Have You Heard The Latest About Harry?


When I was a kid we sometimes played a stupid game on rainy days called Telephone. The idea was, the teacher (usually) whispered something into the ear of the first student who then turned and repeated it in his own whisper to the person next to him. Finally after what seemed like hours, everyone in the room had passed the phrase along, but it no longer resembled the original. (Ha, ha, ha! So fun sitting there watching other kids whisper! 🙄 )

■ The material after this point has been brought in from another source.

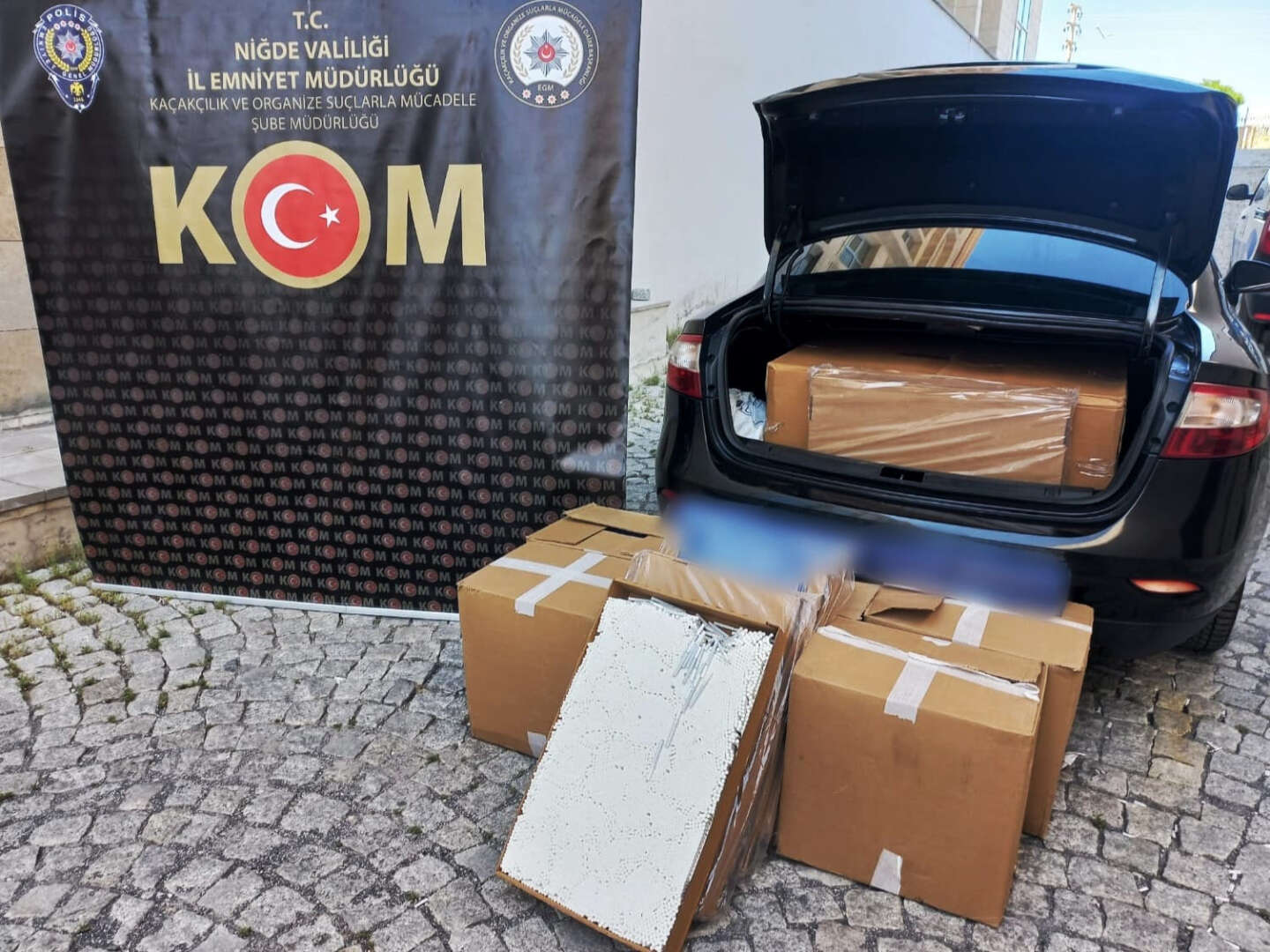 Devleti vergi kaybına uğratan kaçakçılıkla mücadele kapsamında yürütülen çalışmalarda, Niğde İl Emniyet Müdürlüğü KOM Şube Müdürlüğünce 30 Temmuz 2023 tarihinde, Adana-Niğde Otoyolu üzerinde şüphe üzerine durdurulan bir araçta yapılan aramada, gümrük kaçağı 75 bin adet tütün mamulü makaron ve 3 bin 200 paket sigara ele geçirildi.

It was a boring game, but the message got through — repeating a thing can change it, and we really shouldn’t believe what we hear when it’s a rumor. Some kids even intentionally changed the original phrase just to spice up the game. Others filled in gaps when they didn’t hear the whole message clearly, adding in their own thoughts so what they were passing along made sense. One way or the other, the original always changed.

I think some adults need to play a round or two of Telephone. Today, with Internet chatter and email forwarded messages and Retweets, it is so easy to start a juicy bit of something going, and people believe it, often without challenging the veracity. I read it, they say, which makes it so. Or I heard it from my ___ (pastor, hairdresser, friend, spouse, co-worker, boss, or some other person in the know).

Off we go, then, repeating a thing as if it is true when in fact we have no idea if someone someplace along the line of repetition didn’t misunderstand or intentionally change the message.

How does this connect with Harry Potter? Once again, because of the recent release of the final Potter movie, Harry is making headlines. It seems some Christians are once more claiming untrue things about the books, movie, and author. As a result discussion is popping up on Facebook and on blogs at at media sites.

In his article “Pat Robertson Warns Against Harry Potter, TV Witchcraft And ‘Demonic’ Ouija Boards,” Eric Hananoki posts various video segments of Robertson expressing his views about Harry Potter and J. K. Rowling. The latter bothers me the most. Here’s the most troubling line”

“Well, Narnia is different. It’s not glorifying magic and the occult,” Robertson replied. “The lady who wrote Harry Potter [J.K. Rowling], I understand, was deeply involved in some of the occult things.”

Back in 2008, the watchdog site Snopes debunked a letter that was circulating about the evil influence of Harry Potter and how the books were drawing kids into the occult. It seems that much of the source material for the letter came from a satirical article meant to poke fun at the very ideas the letter embraced.

In my article “Harry, Harry, Harry” I concluded that bad logic, an indifference to the meaning of words, or closed ears had to be behind a continued accusation of the occult against Harry Potter and his imaginative author. I’ll add one more likely possibility: people are simply repeating what someone else before then said — never mind that the message may be scrambled or completely made up. Why, after all, should we let a little thing like the truth spoil a good rant.

And ranting against the occult gets attention. I remember when a pre-school director and her staff were mercilessly grilled in court and their entire school torn apart, the yard dug up, because they were accused of ritualistic Satanic abuse. Those people’s lives were destroyed, yet no evidence ever turned up and several witnesses later recanted their testimonies.

We Christians should do better. It’s not a minor thing to accuse another person of involvement in witchcraft. For an influential television personality to do it despite evidence to the contrary, breaks my heart.

After the last book came out in 2007, Rowling finally discussed the religious themes of the series. Witchcraft and satanism wasn’t part of the mix.

Are the Harry Potter books Christian? I have no reason to believe they are. I have lots of reasons to believe they are not entwined with the occult. And it’s time Christians stop parroting uninformed bits of falderal, especial when it slanders someone else. Did we not learn what idle repetition does when we played Telephone?